Without many designed roll-outs and passing-favorable RPO concepts to extend routes as we've seen Florida call for Jones in recent weeks, the quarterback relied on the quick passing game to move the ball through the air as the second half wore on. The offense was vanilla but Jones connected with receivers left and right anyway, extending late drives with impressive throws to the sideline, into narrow windows, and on check-downs while under pressure.
However, from 11:46 in the second quarter until 11:32 in the fourth, Jones did not make - and was not given many opportunities to do so - any throws of 15 or more yards. Mullen displayed a clear lack of trust in his signal-caller, even though Jones should have earned it from his showing in recent weeks and even against the Wildcats. As a result, the offense lulled for a long stretch of time.
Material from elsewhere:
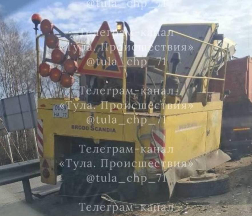 Как сообщают очевидцы, произошло столкновение легковушки "Митцубиси" со спецтехникой. МАшины имеют серьезные механические повреждения.

Jones would complete another two 15+ yard throws in the fourth quarter and was consistently accurate aside from the INT, while attempting to lead a late-game comeback. In response to the pick, Jones went 9-of-13 for 67 yards, making five particularly impressive and well-timed throws - albeit short-to-intermediate, quick tosses - on the two drives to end the game, four of those converting for first downs along with a couple of others that were completed and passed the sticks.
Jones had a touchdown set up on a swing pass to Jacob Copeland with space ahead, but Copeland slipped as he caught the ball at the nine-yard line on the final drive.
That led to the final play for UF's offense, on fourth and goal from the eight-yard line. Mullen finally called an intermediate passing concept - delayed four verts with Trent Whittemore releasing off of motion - against a defense with seven defenders hovering the goal line. It was never going to work in the first place, and to make matters worse, left tackle Richard Gouraige was beat in protection which eliminated a rushing/scrambling lane for Jones to make a play on his own.
Which left Jones with only one choice: Target Whittemore on the primary read. The window was tight, and a defensive back made a big play on the ball. Game over.
Penalties ruined the last sequence for UF as two false starts (and a drive-extending facemask vs. Kentucky, to be fair) were called within seven red-zone plays, while Jones was heating up in crunch time. With this in mind, Mullen made good points in regards to the Gators shooting themselves in their own foot.
But Mullen could have put more faith into Jones considering his steady performance on the night, on numerous and especially big-time occasions, and didn't. If the past two weeks and the majority of Saturday night's game taught us anything, it was that Jones could lead drives well with a script tailored to his strengths.
Instead, the lack of trust in Jones played just as much of a role in Florida's loss to Kentucky as the penalties did.